[[ Extracted information, beginning ]]

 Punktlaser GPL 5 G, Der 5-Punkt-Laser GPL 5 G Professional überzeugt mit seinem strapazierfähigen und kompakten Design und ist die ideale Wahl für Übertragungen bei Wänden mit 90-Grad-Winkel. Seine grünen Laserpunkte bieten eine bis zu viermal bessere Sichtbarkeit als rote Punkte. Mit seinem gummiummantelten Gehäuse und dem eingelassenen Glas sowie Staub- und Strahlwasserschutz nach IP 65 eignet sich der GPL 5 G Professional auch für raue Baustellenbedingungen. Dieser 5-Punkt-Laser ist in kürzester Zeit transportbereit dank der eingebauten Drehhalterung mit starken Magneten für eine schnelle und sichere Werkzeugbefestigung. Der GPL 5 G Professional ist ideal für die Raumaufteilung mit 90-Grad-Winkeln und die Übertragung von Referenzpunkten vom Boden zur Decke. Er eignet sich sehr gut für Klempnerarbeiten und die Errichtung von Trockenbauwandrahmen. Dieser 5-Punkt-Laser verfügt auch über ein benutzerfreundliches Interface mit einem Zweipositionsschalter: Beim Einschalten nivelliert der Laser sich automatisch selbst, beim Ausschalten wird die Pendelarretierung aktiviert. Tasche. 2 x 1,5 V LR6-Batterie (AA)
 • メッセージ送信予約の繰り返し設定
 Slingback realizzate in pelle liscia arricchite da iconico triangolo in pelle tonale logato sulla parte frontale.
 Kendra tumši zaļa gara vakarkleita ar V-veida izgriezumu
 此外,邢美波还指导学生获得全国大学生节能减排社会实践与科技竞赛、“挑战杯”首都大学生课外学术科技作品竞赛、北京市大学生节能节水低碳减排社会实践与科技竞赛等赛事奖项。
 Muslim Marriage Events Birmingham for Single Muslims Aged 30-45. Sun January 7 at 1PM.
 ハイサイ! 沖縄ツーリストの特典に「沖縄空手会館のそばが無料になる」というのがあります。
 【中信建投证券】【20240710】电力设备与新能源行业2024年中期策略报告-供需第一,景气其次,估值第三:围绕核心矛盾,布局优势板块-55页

[[ Extracted information, end ]]

» **Try it**
Your task is to repeat the data exactly, with nothing left out.

» **Written reply**
 Punktlaser GPL 5 G, Der 5-Punkt-Laser GPL 5 G Professional überzeugt mit seinem strapazierfähigen und kompakten Design und ist die ideale Wahl für Übertragungen bei Wänden mit 90-Grad-Winkel. Seine grünen Laserpunkte bieten eine bis zu viermal bessere Sichtbarkeit als rote Punkte. Mit seinem gummiummantelten Gehäuse und dem eingelassenen Glas sowie Staub- und Strahlwasserschutz nach IP 65 eignet sich der GPL 5 G Professional auch für raue Baustellenbedingungen. Dieser 5-Punkt-Laser ist in kürzester Zeit transportbereit dank der eingebauten Drehhalterung mit starken Magneten für eine schnelle und sichere Werkzeugbefestigung. Der GPL 5 G Professional ist ideal für die Raumaufteilung mit 90-Grad-Winkeln und die Übertragung von Referenzpunkten vom Boden zur Decke. Er eignet sich sehr gut für Klempnerarbeiten und die Errichtung von Trockenbauwandrahmen. Dieser 5-Punkt-Laser verfügt auch über ein benutzerfreundliches Interface mit einem Zweipositionsschalter: Beim Einschalten nivelliert der Laser sich automatisch selbst, beim Ausschalten wird die Pendelarretierung aktiviert. Tasche. 2 x 1,5 V LR6-Batterie (AA)
 • メッセージ送信予約の繰り返し設定
 Slingback realizzate in pelle liscia arricchite da iconico triangolo in pelle tonale logato sulla parte frontale.
 Kendra tumši zaļa gara vakarkleita ar V-veida izgriezumu
 此外,邢美波还指导学生获得全国大学生节能减排社会实践与科技竞赛、“挑战杯”首都大学生课外学术科技作品竞赛、北京市大学生节能节水低碳减排社会实践与科技竞赛等赛事奖项。
 Muslim Marriage Events Birmingham for Single Muslims Aged 30-45. Sun January 7 at 1PM.
 ハイサイ! 沖縄ツーリストの特典に「沖縄空手会館のそばが無料になる」というのがあります。
 【中信建投证券】【20240710】电力设备与新能源行业2024年中期策略报告-供需第一,景气其次,估值第三:围绕核心矛盾,布局优势板块-55页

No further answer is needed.